"Coronavirus came from my body, not from China," Padmaja said resisiting a Covid test
Highlights
- The woman and her husband have been accused of murder of their daughters
- The woman is a math gold medalist and her husband has a PhD in chemistry
- They allegedly killed their daughters to rid them of "evil spirits"
Hyderabad: "I am Shiva. It is from my body particles that Corona came, not from China," shouted Padmaja Naidu as the police led her to prison. She is accused, along with her husband, of the ritual murders of their two young daughters at their home in Andhra Pradesh on Sunday.
Padmaja, a math gold medalist, and Purushottam Naidu, a PhD in chemistry and a government college lecturer, allegedly killed their daughters to rid them of evil spirits, believing they would both come to life.

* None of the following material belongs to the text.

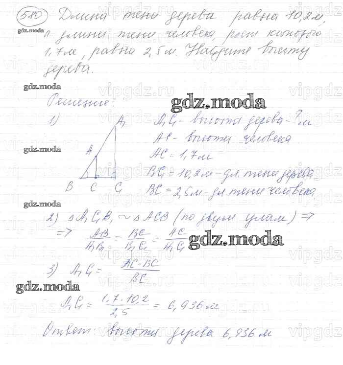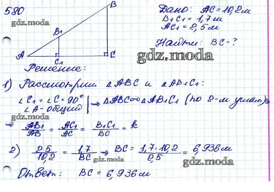 ОТВЕТ на задание № 580 Учебник по Геометрии 7-9 класс Атанасян

"I am not an idiot...I am a PhD," Purushottam Naidu said as police officers carried out a sweep of their three-storey home in Madanapalle town, taking in traces of the gruesome killings. "We got certain messages that we must carry this out,'' Naidu and his wife Padmaja said.
Alekhya (27) and Sai Divya (23) allegedly bled out on the floor after an elaborate ritual that their parents believed would lead to their resurrection as a happy family. They had been struck with a dumbbell and a trident, blood everywhere. One of them was found in a puja room in a red saree; the other was in a different room, reportedly naked.
Purushottam Naidu has since come out of his "trance" partially, police officers say. He couldn't bear to see his daughters bleed to death and called his friend, who alerted the police.
Padmaja was heard in a video wailing at her husband in the presence of policemen: "Why could you not have waited half an hour? If you had kept your faith, our girls would have come alive.''
In various videos, she continued her delusional behaviour.
"I am telling you coronavirus will go away by March without using vaccines,'' she screamed at medical staff trying to take her swabs for a Covid test on Tuesday.
As her husband tried to reason with her, she snapped: "Right now, you are not my husband. I am Shiva."
How an educated, affluent family came to this is something investigators are trying to piece together from evidence in the house, and from friends and neighbours.
Padmaja told the police it was she who hit her daughters with a dumbbell. "If there was no evil spirit, would they have survived four to five hours?''
She went on: "Kalyuga is ending and Satyuga is beginning".
Recent social media posts of the daughters, especially in their final week, suggested they were in a similar state of mind as their parents.
"The entire family was extremely superstitious. Even the girls seem to have been convinced by what their parents intended to do,'' senior police officer Senthil Kumar told NDTV.
Alekhya and Sai Divya had both earlier shared usual posts -- photos from family holidays, music videos of the younger sister singing and playing the guitar. But their last few posts betrayed a different mental zone.
"Shiva will come," said one such post.
A video accessed by NDTV shows the parents defending the killings after the police entered and found the bodies.
"Had the police not intervened, the couple would have killed themselves too, in the belief that all of them would later come alive,'' Ravi Manohara Chari, the deputy district police chief, told NDTV.
District police chief Senthil Kumar said so far, there was no evidence of any outsider, "tantric" or godman influencing the couple. "We have examined CCTV footage. Online activity will also be studied,'' he said.
The couple claimed they had witnessed the supernatural in the past. "My daughter had a skin allergy and it disappeared with prayers,'' the father said.
Even a small change in behaviour in their daughters would be blamed on "evil spirits,'' the police said.
Alekhya had an engineering degree and a post graduate management degree from the Institute of Forest Management at Bhopal. She had worked as a project manager for six months and had returned home to prepare for the civil services exam. Her younger sister was a business management graduate and was pursuing a career in music at a Chennai institute.
Both had come home during the lockdown last year and the family had little contact with the outside world. In the four days before the murders, they had let no one near their house.
Neighbours reportedly noticed unusual activities and were told it was all for a puja.
Relatives say possible psychological issues in the family seem to have worsened during the coronavirus lockdown.